コモ・カップ決勝でRCランスに逆転負け、守備と決定力に課題
イタリアのスタディオ・ジュゼッペ・シニガーリャで開催されたコモ・カップの決勝で、ビジャレアルは昨季リーグ・アン2位でフランスカップ王者でもある強豪RCランスと対戦し、1-3で逆転負けを喫した。イニゴ・ペレス監督が送り出したスタメンは、GKにルイス・ジュニオール、ディフェンスラインにモウリーニョ、カンブワラ、パウ・ナバーロ、カルロス・ロメロ、中盤にパプ・ゲイェ、17歳の新鋭カルロス・マシア、モレイロ、ニザール・エル・ジミリ、そして前線にアジョセ・ペレスとジェラール・モレノを配置した。
前半、ビジャレアルはポゼッションを支配し、縦への速いコンビネーションで試合の主導権を握った。開始わずか3分、ジェラール・モレノが右サイドから斜めに動き、ディフェンスの裏へ完璧な浮き球のパスを供給。これに反応したアジョセ・ペレスがノーバウンドで合わせるアクロバティックなボレーシュートを突き刺し、鮮やかに先制した。度重なる怪我に苦しんできたアジョセにとって、今季の完全復活を予感させるゴラッソとなった。

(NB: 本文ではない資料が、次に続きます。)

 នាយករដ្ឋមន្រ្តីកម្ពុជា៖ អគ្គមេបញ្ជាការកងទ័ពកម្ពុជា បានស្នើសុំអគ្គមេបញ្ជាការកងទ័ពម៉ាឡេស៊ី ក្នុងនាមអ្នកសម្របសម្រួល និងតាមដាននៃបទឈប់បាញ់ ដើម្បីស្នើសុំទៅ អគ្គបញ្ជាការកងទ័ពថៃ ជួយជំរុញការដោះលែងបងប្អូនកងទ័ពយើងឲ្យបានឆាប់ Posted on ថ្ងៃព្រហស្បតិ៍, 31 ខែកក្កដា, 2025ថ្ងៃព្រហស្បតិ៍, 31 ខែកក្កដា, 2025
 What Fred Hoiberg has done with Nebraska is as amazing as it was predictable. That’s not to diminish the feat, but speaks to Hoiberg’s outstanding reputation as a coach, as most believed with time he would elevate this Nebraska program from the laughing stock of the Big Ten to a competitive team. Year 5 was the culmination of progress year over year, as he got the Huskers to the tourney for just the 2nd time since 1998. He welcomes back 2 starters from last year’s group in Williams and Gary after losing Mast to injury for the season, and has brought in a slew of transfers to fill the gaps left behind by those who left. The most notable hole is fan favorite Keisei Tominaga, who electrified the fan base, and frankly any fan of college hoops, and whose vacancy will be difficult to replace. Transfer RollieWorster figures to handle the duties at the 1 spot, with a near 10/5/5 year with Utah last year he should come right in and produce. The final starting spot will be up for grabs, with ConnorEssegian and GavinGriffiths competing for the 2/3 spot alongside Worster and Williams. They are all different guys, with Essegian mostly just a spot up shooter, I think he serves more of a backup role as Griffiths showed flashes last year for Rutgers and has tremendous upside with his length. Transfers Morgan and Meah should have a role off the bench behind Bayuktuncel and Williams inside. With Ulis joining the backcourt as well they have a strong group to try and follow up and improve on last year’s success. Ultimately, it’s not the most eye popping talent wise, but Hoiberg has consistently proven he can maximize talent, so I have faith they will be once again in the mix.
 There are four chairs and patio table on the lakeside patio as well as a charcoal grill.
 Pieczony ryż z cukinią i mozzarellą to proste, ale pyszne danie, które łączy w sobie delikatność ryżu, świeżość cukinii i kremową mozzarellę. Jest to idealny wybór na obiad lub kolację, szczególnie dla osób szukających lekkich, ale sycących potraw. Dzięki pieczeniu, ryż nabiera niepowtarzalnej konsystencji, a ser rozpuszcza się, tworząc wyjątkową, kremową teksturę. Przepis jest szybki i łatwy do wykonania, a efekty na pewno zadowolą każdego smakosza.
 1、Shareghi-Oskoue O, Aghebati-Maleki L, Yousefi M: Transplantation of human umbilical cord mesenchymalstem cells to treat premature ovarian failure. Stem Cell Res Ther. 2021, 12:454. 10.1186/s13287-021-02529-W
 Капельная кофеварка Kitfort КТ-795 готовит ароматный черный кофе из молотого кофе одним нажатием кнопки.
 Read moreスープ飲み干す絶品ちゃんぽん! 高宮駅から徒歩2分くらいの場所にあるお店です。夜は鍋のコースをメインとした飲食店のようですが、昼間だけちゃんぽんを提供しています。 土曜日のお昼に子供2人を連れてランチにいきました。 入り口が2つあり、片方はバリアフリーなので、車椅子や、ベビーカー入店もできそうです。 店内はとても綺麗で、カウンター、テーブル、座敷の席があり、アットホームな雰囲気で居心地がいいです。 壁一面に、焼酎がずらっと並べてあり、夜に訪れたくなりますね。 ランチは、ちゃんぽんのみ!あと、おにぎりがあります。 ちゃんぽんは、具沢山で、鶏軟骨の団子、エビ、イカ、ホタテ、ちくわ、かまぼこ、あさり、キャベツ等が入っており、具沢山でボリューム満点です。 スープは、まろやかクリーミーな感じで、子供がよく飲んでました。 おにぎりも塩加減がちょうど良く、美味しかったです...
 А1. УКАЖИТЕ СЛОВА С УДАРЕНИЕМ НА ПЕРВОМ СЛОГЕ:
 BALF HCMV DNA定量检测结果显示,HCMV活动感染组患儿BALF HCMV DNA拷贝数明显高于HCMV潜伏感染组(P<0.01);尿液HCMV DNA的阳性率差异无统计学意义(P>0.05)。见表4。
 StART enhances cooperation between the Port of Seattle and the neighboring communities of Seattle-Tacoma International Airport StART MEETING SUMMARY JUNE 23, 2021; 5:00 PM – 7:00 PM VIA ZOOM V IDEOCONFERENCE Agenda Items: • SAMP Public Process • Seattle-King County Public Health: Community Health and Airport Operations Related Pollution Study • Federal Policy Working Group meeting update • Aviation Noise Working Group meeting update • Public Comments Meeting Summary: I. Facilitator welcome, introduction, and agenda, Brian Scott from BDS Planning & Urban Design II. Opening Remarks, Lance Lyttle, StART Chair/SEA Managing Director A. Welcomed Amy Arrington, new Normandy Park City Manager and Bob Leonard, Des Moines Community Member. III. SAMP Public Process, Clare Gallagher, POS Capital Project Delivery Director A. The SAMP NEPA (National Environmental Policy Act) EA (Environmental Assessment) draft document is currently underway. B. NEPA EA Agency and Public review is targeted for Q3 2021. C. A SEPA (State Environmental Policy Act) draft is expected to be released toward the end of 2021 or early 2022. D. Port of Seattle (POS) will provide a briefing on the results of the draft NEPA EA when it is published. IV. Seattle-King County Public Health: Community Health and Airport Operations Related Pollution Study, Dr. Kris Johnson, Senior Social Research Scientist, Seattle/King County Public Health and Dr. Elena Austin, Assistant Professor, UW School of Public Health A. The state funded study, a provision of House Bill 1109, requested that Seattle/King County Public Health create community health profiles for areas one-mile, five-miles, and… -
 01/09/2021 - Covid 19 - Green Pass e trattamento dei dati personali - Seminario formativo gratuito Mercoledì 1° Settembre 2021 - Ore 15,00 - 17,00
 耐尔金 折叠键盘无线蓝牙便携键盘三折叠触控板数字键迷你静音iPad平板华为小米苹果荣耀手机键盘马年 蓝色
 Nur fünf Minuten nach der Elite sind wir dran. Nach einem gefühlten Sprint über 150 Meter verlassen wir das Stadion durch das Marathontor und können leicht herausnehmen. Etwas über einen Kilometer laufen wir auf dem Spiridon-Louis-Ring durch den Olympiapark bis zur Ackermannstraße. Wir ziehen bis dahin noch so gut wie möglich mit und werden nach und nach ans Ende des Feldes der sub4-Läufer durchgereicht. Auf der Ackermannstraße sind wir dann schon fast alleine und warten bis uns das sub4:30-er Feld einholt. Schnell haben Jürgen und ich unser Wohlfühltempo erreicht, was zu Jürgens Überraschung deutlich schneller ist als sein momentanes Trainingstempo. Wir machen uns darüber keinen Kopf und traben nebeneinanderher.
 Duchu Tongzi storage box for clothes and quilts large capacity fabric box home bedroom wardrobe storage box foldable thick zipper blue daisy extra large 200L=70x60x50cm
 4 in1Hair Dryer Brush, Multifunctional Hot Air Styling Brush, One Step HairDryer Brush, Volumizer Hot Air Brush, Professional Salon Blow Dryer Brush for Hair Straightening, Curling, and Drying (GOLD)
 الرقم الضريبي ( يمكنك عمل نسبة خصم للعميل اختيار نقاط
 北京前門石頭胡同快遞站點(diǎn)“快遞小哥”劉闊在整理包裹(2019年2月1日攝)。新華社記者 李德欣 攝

しかし、リードはわずか8分しか続かなかった。高い位置に設定していたディフェンスラインの裏をロングパスで突かれると、相手のウドルに完全に抜け出される。GKルイス・ジュニオールが飛び出しを躊躇した隙を見逃さず、ニアポストへ正確なシュートを流し込まれて同点に追いつかれた。同点とされた後もビジャレアルは攻撃の姿勢を崩さず、給水タイムでのイニゴ・ペレス監督の修正を経てさらに押し込む展開を作る。才能あふれるマシアが中盤でゲームをコントロールし、カルロス・ロメロ、アジョセ、ジェラールらが立て続けに決定機を迎えたが、フィニッシュの精度を欠き、勝ち越しゴールを奪えないまま前半を折り返した。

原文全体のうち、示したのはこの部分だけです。